MATERIAL FOR THE TASK:
=====
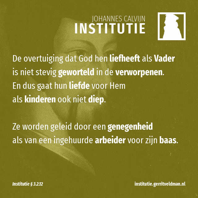 Ik ga nog een stapje verder: op grond van de leer van de Schrift en op grond van onze dagelijkse ervaring staat vast dat verworpenen soms getroffen worden door een besef van Gods genade. Daarom kan het niet anders of er wordt in hun hart een verlangen gewekt om van hun kant ook God lief te hebben. In Saul bijvoorbeeld leefde een tijdlang een vrome genegenheid om God lief te hebben. Want hij wist dat God Hem als een Vader behandelde en daarom trok Gods goedheid hem aan als iets heerlijks. 1 Samuël 9-11 Maar de overtuiging dat God hen liefheeft als Vader is niet stevig geworteld in verworpenen. En dus gaat hun liefde voor Hem als kinderen ook niet diep. Ze worden geleid door een genegenheid als van een ingehuurde arbeider voor zijn baas. Want alleen Christus heeft de Geest van de liefde gekregen, op voorwaarde dat Hij die indruppelt in zijn ledematen. En deze woorden van Paulus reiken zeker niet verder dan de uitverkorenen: ‘Gods liefde is in ons hart uitgestort door de Heilige Geest die ons gegeven is.’ Romeinen 5:5 Dat is de Geest die ons het vertrouwen geeft om God aan te roepen, zoals ik hierboven genoemd heb.
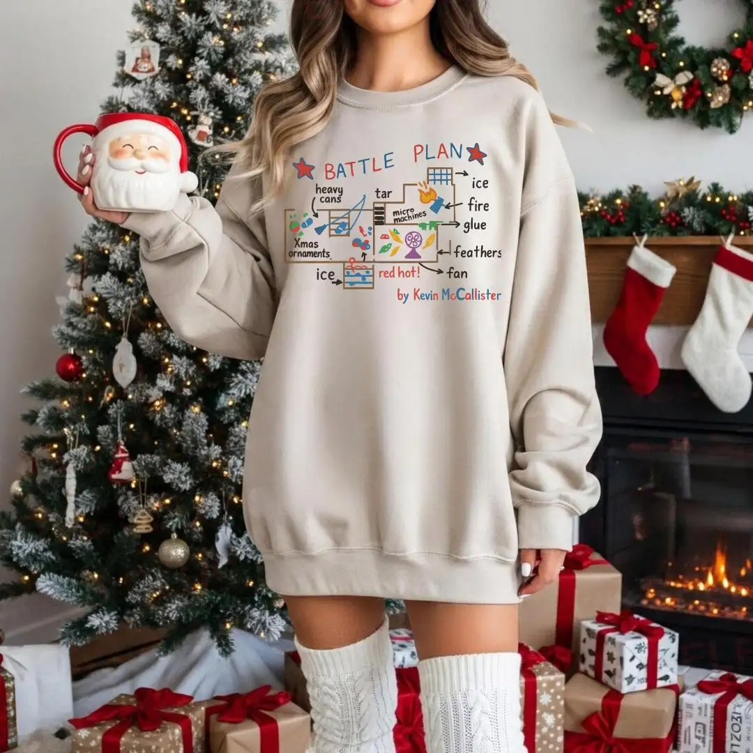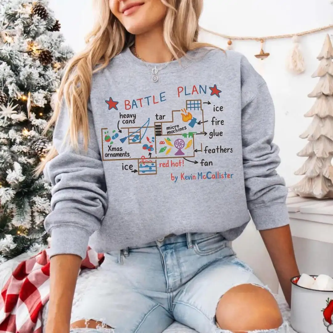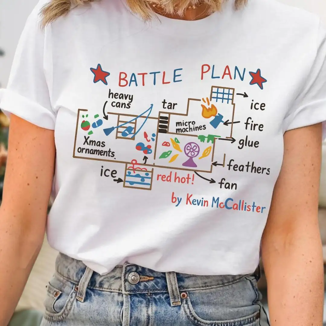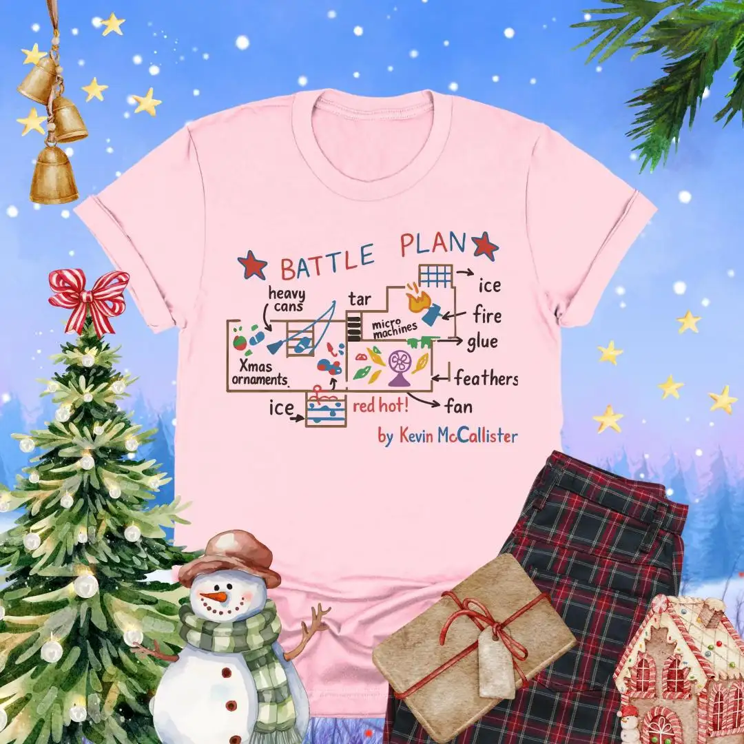 Battle Plan Christmas Shirt, Festive Xmas Gift, Cute Home Alone Inspired Top, Kevin Style Trap Map Graphic, Funny Holiday Movie Tee
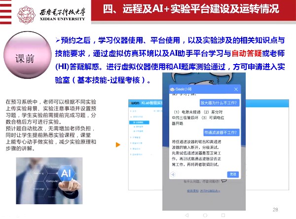 周佳社教授報告的內容包括實驗室建設與改革的意義與目的、建設理念與實踐教學體系、傳統實驗現狀及實驗課程運轉情況、遠程及AI+實驗平臺建設及運轉情況、實驗室安全及管理等內容。
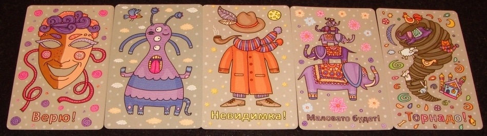 Купи слона (3-6 игроков). Компанейская игрушка на блеф. Чтобы сразу было понятно, о чём речь, следует сказать, что в её основе лежит народная забава под названием “Верю-не-верю”. Набор игры состоит тоже из 60-ти карт, 44 из которых – это карты животных (11 видов по 4 штуки), а остальные 16 – специальные. Суть игры такова. В начале партии колода тщательно перемешивается и делится поровну между игроками. После чего первый игрок выкладывает на стол от 1 до 5 карт и говорит “тут 4 зайца!”. Следующий в свою очередь может сказать “верю” и подбросить в кучу ещё карт со словами “да не вопрос, ещё 3 зайца!”, – тогда ход переходит дальше; или же не поверить и вскрыть одну из карт, выложенных предыдущим игроком. Если не угадал – хапаешь всю кучу себе, угадал – хапает тот игрок, чью карту вскрыли. Если же в любой момент игры на руках оказалось 4 одинаковых животных, то можно (и нужно) их скинуть. Есть два варианта игры: быстрый играется до тех пор, пока кто-то не избавится от всех карт, а стандартный – пока с картами не останется кто-то один.
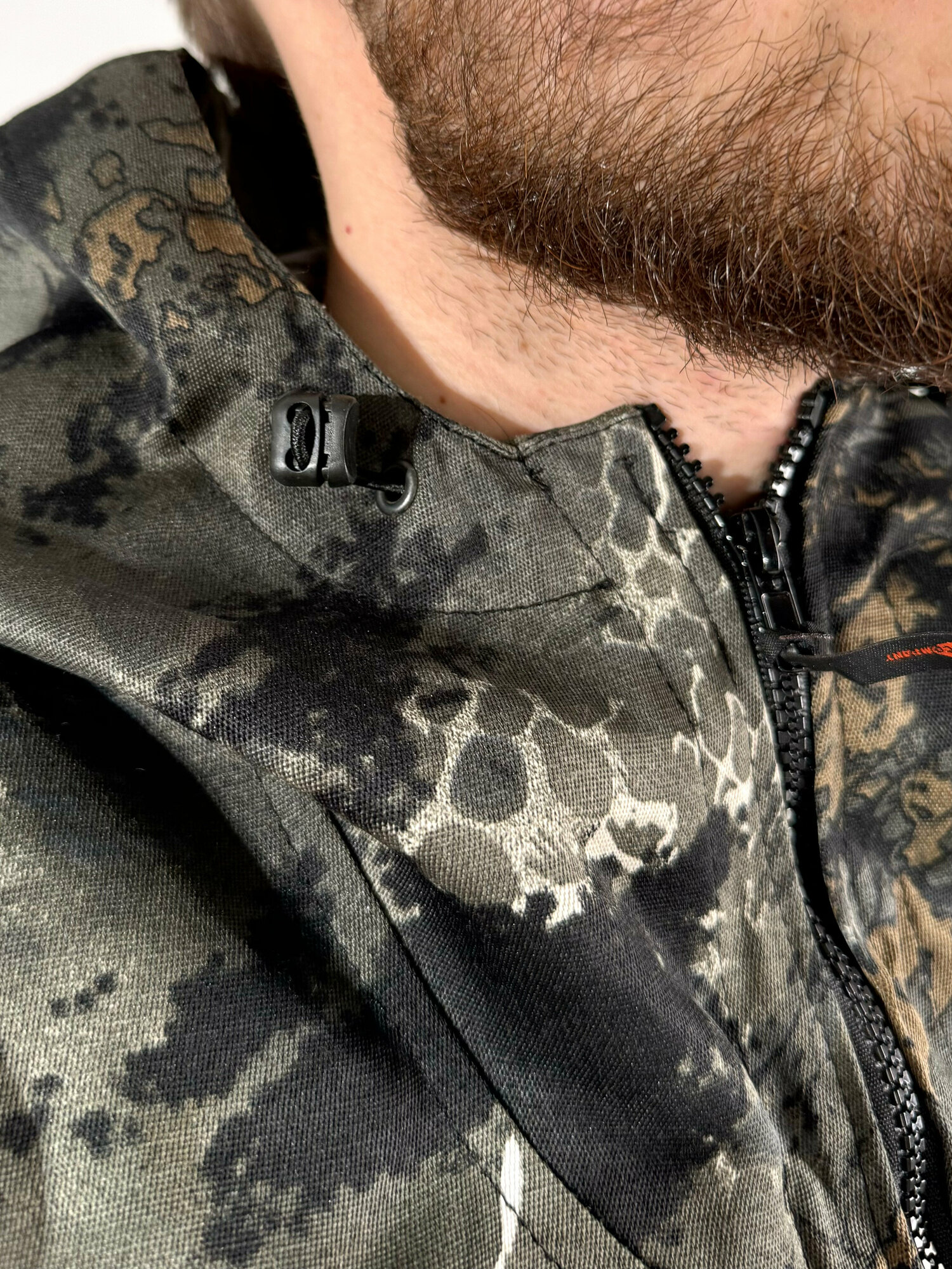 Размер капюшона регулируется резинкой с фиксатором. Манжеты на рукавах с липучкой, что позволяет настроить размер рукава.
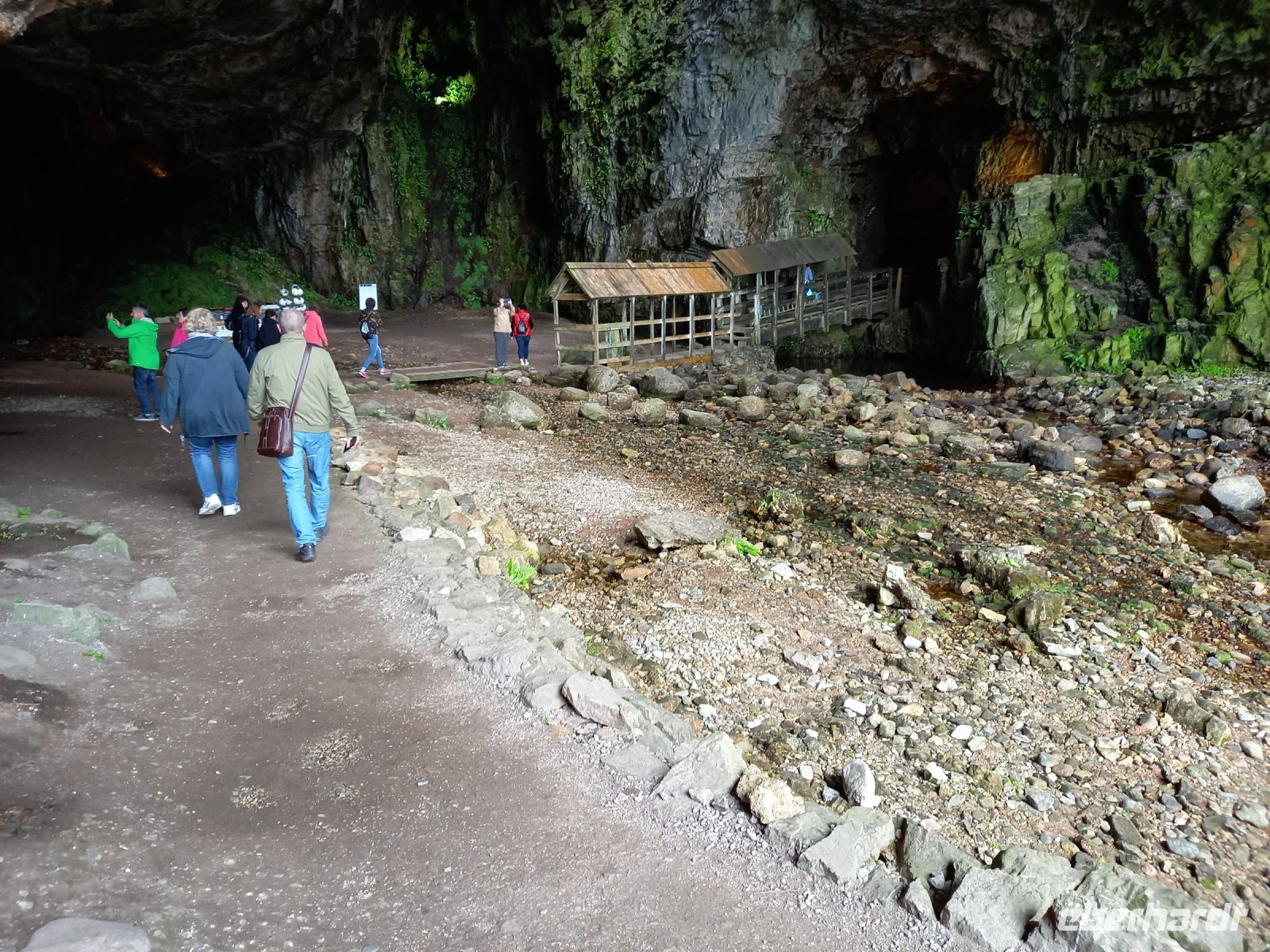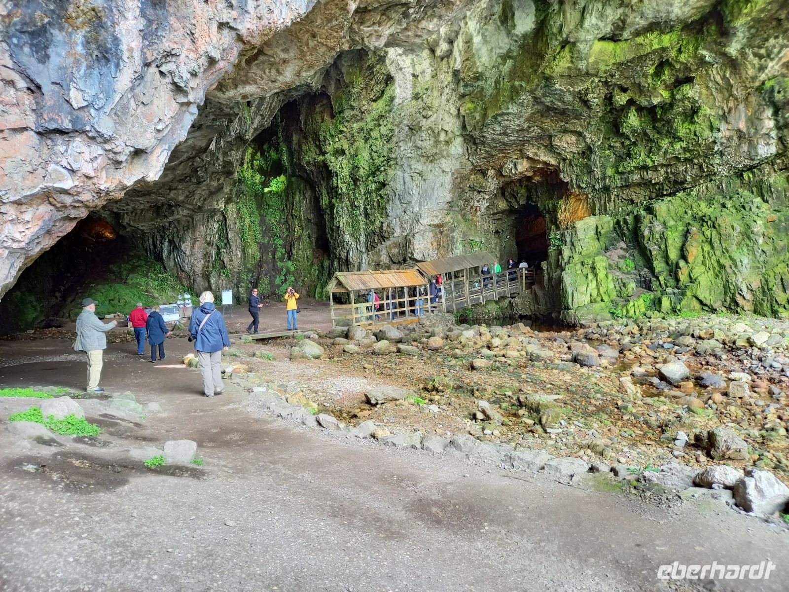 Später hielten wir zum Besuch der geheimnisvollen Smoo –Cave weiter. Es ist eine am Meeresufer liegende große Karsthöhle, recht groß und relativ leicht zugänglich, um die sich seit Jahrhunderten Legenden ranken. Ursprünglich von den alten Griechen als „Eingang zur Unterwelt“ apostrophiert, diente die auf Meeresniveau liegende Grotte wohl oft auch Piraten und Schmugglern als Zuflucht. In den großen Höhlenkammern befindet sich ein Süßwassersee, der oft von einem Wasserfall, in dem sich der Bach Allt Smoo durch ein Loch in der Höhlendecke ergießt, gespeist wird.
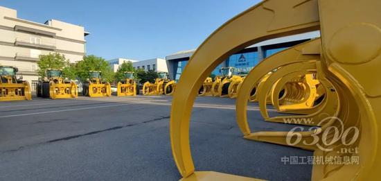 4月20日,山东临工科技展示中心前的广场上,12台临工夹木机和1台压路机整齐排列,一起交付给某中资海外大客户,即将踏上远赴海外施工作业的征程。
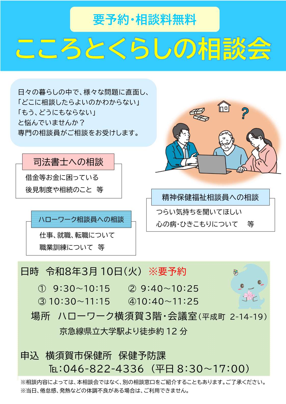 自殺対策基本法で定められている「自殺予防週間(9月10日から16日)」と「自殺対策月間(例年、月別自殺者数の最も多い3月)」のある9月と3月に、法の趣旨に基づき、保健所と横須賀公共職業安定所と協力し、心の健康相談をより積極的に実施するとともに、失業者等に対するワンストップサービスになるよう、ハローワーク横須賀を会場に包括相談会(こころとくらしの相談会)を開催しています。
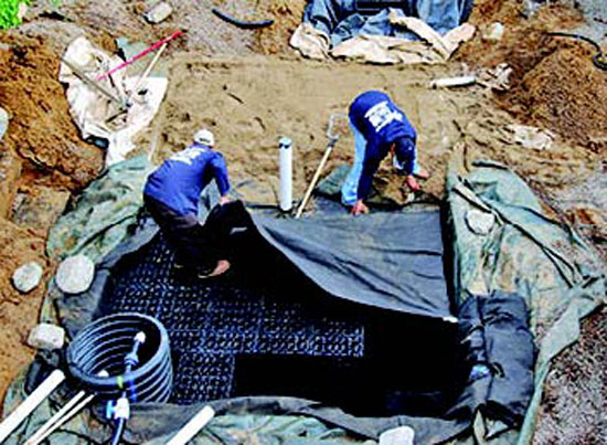 Cistern construction began with the assembly of Eco Rain Cubes. These plastic cubes were shipped flat and assembled into something resembling oversized milk crates measuring roughly 18 by 16 by 27 inches. The cubes were stacked horizontally, five layers high in the pool cavity. The cube collection was double wrapped, first with a felt filter fabric, and then with an impermeable plastic liner. When the project is complete, the cistern will be all but invisible beneath new water-wise landscaping and a bocce court.
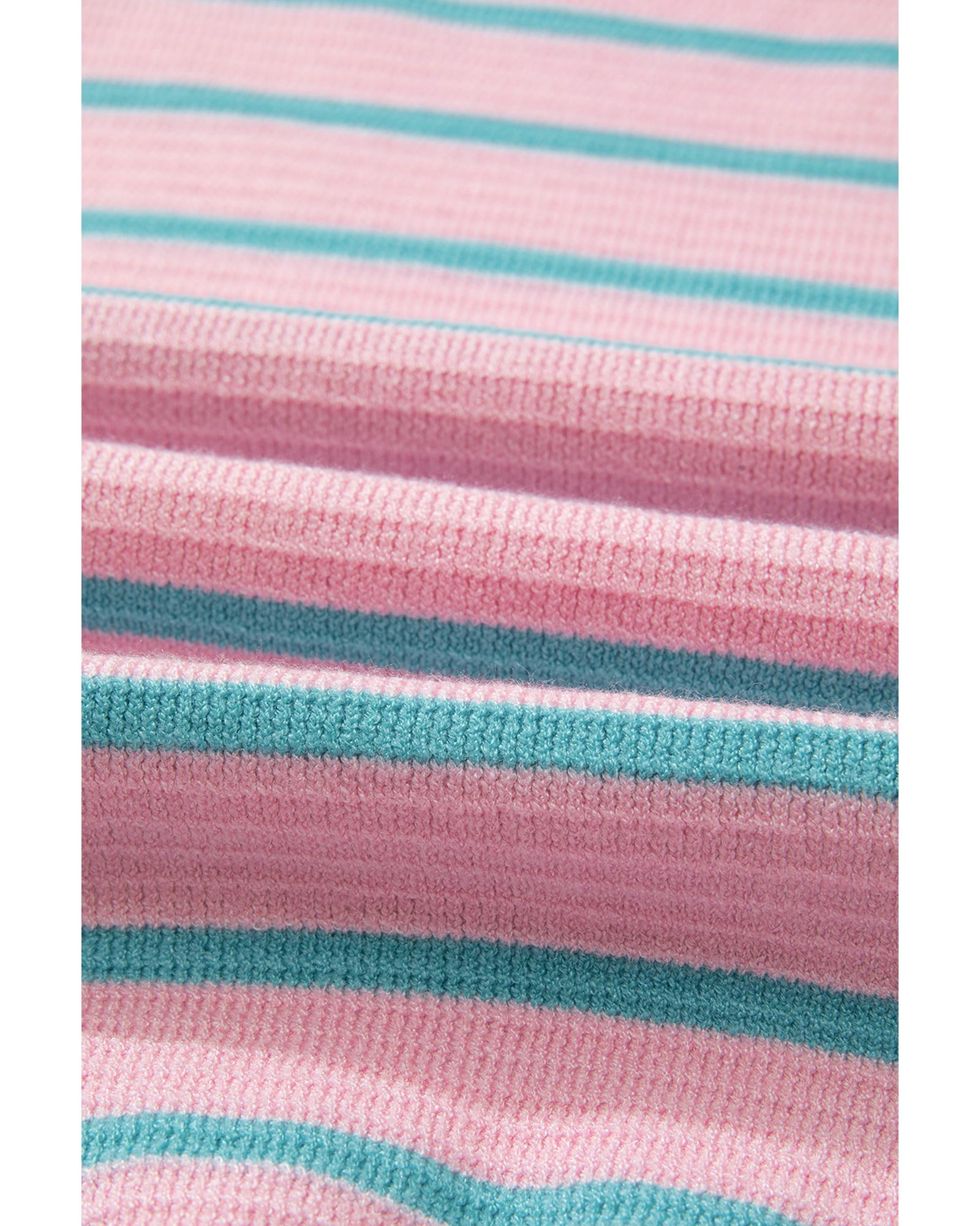 Pink Stripe Trimmed Round Neck Drop Shoulder Loose Sweater – L
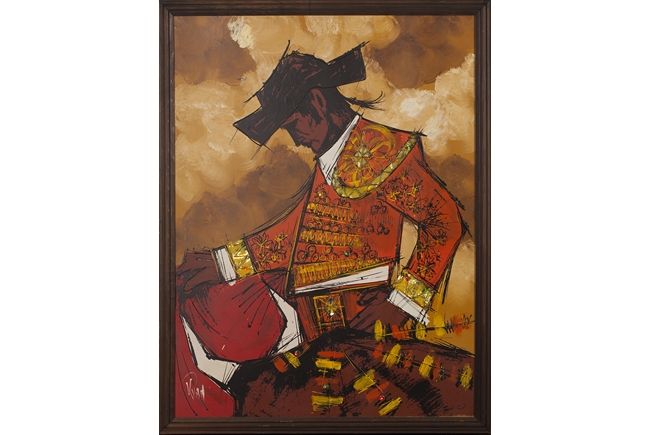 A Spanish matador wearing the traditional outfit, waving the red cloth in front of a ready to charge bull, while looking calm.
=====
Reproduce the listing exactly, minus its pictures.

 Ik ga nog een stapje verder: op grond van de leer van de Schrift en op grond van onze dagelijkse ervaring staat vast dat verworpenen soms getroffen worden door een besef van Gods genade. Daarom kan het niet anders of er wordt in hun hart een verlangen gewekt om van hun kant ook God lief te hebben. In Saul bijvoorbeeld leefde een tijdlang een vrome genegenheid om God lief te hebben. Want hij wist dat God Hem als een Vader behandelde en daarom trok Gods goedheid hem aan als iets heerlijks. 1 Samuël 9-11 Maar de overtuiging dat God hen liefheeft als Vader is niet stevig geworteld in verworpenen. En dus gaat hun liefde voor Hem als kinderen ook niet diep. Ze worden geleid door een genegenheid als van een ingehuurde arbeider voor zijn baas. Want alleen Christus heeft de Geest van de liefde gekregen, op voorwaarde dat Hij die indruppelt in zijn ledematen. En deze woorden van Paulus reiken zeker niet verder dan de uitverkorenen: ‘Gods liefde is in ons hart uitgestort door de Heilige Geest die ons gegeven is.’ Romeinen 5:5 Dat is de Geest die ons het vertrouwen geeft om God aan te roepen, zoals ik hierboven genoemd heb.
 Battle Plan Christmas Shirt, Festive Xmas Gift, Cute Home Alone Inspired Top, Kevin Style Trap Map Graphic, Funny Holiday Movie Tee
 周佳社教授報告的內容包括實驗室建設與改革的意義與目的、建設理念與實踐教學體系、傳統實驗現狀及實驗課程運轉情況、遠程及AI+實驗平臺建設及運轉情況、實驗室安全及管理等內容。
 Купи слона (3-6 игроков). Компанейская игрушка на блеф. Чтобы сразу было понятно, о чём речь, следует сказать, что в её основе лежит народная забава под названием “Верю-не-верю”. Набор игры состоит тоже из 60-ти карт, 44 из которых – это карты животных (11 видов по 4 штуки), а остальные 16 – специальные. Суть игры такова. В начале партии колода тщательно перемешивается и делится поровну между игроками. После чего первый игрок выкладывает на стол от 1 до 5 карт и говорит “тут 4 зайца!”. Следующий в свою очередь может сказать “верю” и подбросить в кучу ещё карт со словами “да не вопрос, ещё 3 зайца!”, – тогда ход переходит дальше; или же не поверить и вскрыть одну из карт, выложенных предыдущим игроком. Если не угадал – хапаешь всю кучу себе, угадал – хапает тот игрок, чью карту вскрыли. Если же в любой момент игры на руках оказалось 4 одинаковых животных, то можно (и нужно) их скинуть. Есть два варианта игры: быстрый играется до тех пор, пока кто-то не избавится от всех карт, а стандартный – пока с картами не останется кто-то один.
 Размер капюшона регулируется резинкой с фиксатором. Манжеты на рукавах с липучкой, что позволяет настроить размер рукава.
 Später hielten wir zum Besuch der geheimnisvollen Smoo –Cave weiter. Es ist eine am Meeresufer liegende große Karsthöhle, recht groß und relativ leicht zugänglich, um die sich seit Jahrhunderten Legenden ranken. Ursprünglich von den alten Griechen als „Eingang zur Unterwelt“ apostrophiert, diente die auf Meeresniveau liegende Grotte wohl oft auch Piraten und Schmugglern als Zuflucht. In den großen Höhlenkammern befindet sich ein Süßwassersee, der oft von einem Wasserfall, in dem sich der Bach Allt Smoo durch ein Loch in der Höhlendecke ergießt, gespeist wird.
 4月20日,山东临工科技展示中心前的广场上,12台临工夹木机和1台压路机整齐排列,一起交付给某中资海外大客户,即将踏上远赴海外施工作业的征程。
 自殺対策基本法で定められている「自殺予防週間(9月10日から16日)」と「自殺対策月間(例年、月別自殺者数の最も多い3月)」のある9月と3月に、法の趣旨に基づき、保健所と横須賀公共職業安定所と協力し、心の健康相談をより積極的に実施するとともに、失業者等に対するワンストップサービスになるよう、ハローワーク横須賀を会場に包括相談会(こころとくらしの相談会)を開催しています。
 Cistern construction began with the assembly of Eco Rain Cubes. These plastic cubes were shipped flat and assembled into something resembling oversized milk crates measuring roughly 18 by 16 by 27 inches. The cubes were stacked horizontally, five layers high in the pool cavity. The cube collection was double wrapped, first with a felt filter fabric, and then with an impermeable plastic liner. When the project is complete, the cistern will be all but invisible beneath new water-wise landscaping and a bocce court.
 Pink Stripe Trimmed Round Neck Drop Shoulder Loose Sweater – L
 A Spanish matador wearing the traditional outfit, waving the red cloth in front of a ready to charge bull, while looking calm.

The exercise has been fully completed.